Self-compassion is also of special interest for clinicians because it would be amenable to therapeutic interventions. Psychological treatment in general (Mennin et al., 2013) and compassion-based interventions in specific (Ferrari et al., 2019) would foster compassionate self-responding which in turn would result in a decrease of psychopathology (see Table 1, Design E). In addition, treatment and intervention may also abolish uncompassionate self-responding and in this way result in a subsequent decline of psychopathology. Few studies have systematically evaluated the separate effects of interventions on CS and UCS and subsequent treatment outcome. One exception is a study by Eriksson et al. (2018) who examined the effects of a 6-week internet-based mindful self-compassion program in practicing psychologists (N = 101) who suffered from stress and burnout complaints. The participants were assigned to an intervention or a waiting list control condition, and before and after the treatment program, the SCS and measures of stress and burnout symptomatology were administered. The mindful self-compassion program was effective: statistically significant changes were noted for all measures: self-compassion as indexed by the SCS total score significantly increased while symptom scores significantly decreased in the intervention group, while no such changes could be noted in the waiting list condition. Further analyses revealed that the effect size of the change in CS was large, whereas that of the change in UCS was only moderate, which indicates that the treatment program was more effective in promoting compassionate self-responding than in reducing uncompassionate self-responding. Interestingly, however, when looking at the effects on treatment outcome (pre- to post-changes in stress and burnout symptoms), it appeared that changes in UCS were a better predictor than changes in CS. This suggests that interventions also need to focus on specifically reducing UCS as this may be crucial to the reduction of psychopathology and stress. A similar conclusion was reached by Wadsworth et al. (2018) in their study of 582 patients who were treated with intensive cognitive-behavior therapy or dialectical behavior therapy for their emotional problems. Here too, UCS was more substantially linked to treatment outcome, which made the authors conclude that “the negative aspects of self-compassion … may constitute an important target for treatment in acute settings” (p. 236).

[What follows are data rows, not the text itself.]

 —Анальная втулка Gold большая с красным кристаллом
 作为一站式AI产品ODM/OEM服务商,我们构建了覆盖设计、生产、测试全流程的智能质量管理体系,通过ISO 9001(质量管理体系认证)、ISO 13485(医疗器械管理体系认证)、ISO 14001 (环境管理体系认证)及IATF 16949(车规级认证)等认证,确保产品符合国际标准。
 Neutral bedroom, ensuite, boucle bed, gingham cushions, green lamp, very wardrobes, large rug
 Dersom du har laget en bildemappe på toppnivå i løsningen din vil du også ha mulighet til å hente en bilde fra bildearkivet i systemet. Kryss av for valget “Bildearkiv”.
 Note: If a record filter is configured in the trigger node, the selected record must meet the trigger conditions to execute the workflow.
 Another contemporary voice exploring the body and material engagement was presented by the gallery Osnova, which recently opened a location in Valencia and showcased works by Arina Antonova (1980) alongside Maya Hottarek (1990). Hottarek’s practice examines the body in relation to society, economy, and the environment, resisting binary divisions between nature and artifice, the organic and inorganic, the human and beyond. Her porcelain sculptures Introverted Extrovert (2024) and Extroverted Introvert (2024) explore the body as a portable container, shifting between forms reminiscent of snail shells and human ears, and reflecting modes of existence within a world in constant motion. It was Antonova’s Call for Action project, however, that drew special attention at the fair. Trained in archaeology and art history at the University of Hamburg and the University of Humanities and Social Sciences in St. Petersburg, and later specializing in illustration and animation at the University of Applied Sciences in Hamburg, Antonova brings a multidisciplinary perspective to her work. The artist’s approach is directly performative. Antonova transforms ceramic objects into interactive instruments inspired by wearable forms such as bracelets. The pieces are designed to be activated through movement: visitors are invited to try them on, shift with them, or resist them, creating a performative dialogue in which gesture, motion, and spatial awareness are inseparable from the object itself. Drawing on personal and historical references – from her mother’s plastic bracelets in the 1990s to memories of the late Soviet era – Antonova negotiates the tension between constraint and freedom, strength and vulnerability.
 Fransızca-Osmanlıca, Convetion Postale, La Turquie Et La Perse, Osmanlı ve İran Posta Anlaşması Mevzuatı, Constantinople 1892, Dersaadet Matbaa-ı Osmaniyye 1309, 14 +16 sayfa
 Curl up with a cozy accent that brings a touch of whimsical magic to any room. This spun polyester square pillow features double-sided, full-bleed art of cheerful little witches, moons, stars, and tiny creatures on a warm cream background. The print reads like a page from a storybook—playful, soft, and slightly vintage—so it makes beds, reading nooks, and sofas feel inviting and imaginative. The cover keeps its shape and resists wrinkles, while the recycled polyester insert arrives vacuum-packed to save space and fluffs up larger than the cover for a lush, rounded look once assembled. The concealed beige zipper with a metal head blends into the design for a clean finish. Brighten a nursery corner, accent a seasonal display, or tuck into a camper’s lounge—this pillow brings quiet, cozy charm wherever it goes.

With this reaction to Neff’s (2022) commentary, we have once again tried to explicate the shortcomings of using the SCS total score. As illustrated above, the employment of the total score will mask the true effects of self-compassion and hence muddy the waters of research on this potentially interesting protective variable (Neff, 2003a). However, Neff continues to be strongly attached to holding on to this total score. In her latest commentary, she even stated that “use of a total SCS score more comprehensively represents how taking a self-compassionate approach to suffering (i.e., increasing CS and reducing UCS) may affect outcomes such as life satisfaction, depression, and resilience” (p. 575). In our opinion, such blanket statements will not lead to a cumulative development of the research on self-compassion. Apart from the fact that empirical evidence consistently showed that separating UCS and CS can yield different results, focusing on and recommending researchers to only use the total score of the SCS is not in line with good psychometric practices. That is, such views lead to a lack of measurement transparency which is detrimental in examining the validity of a scale (Flake & Fried, 2020).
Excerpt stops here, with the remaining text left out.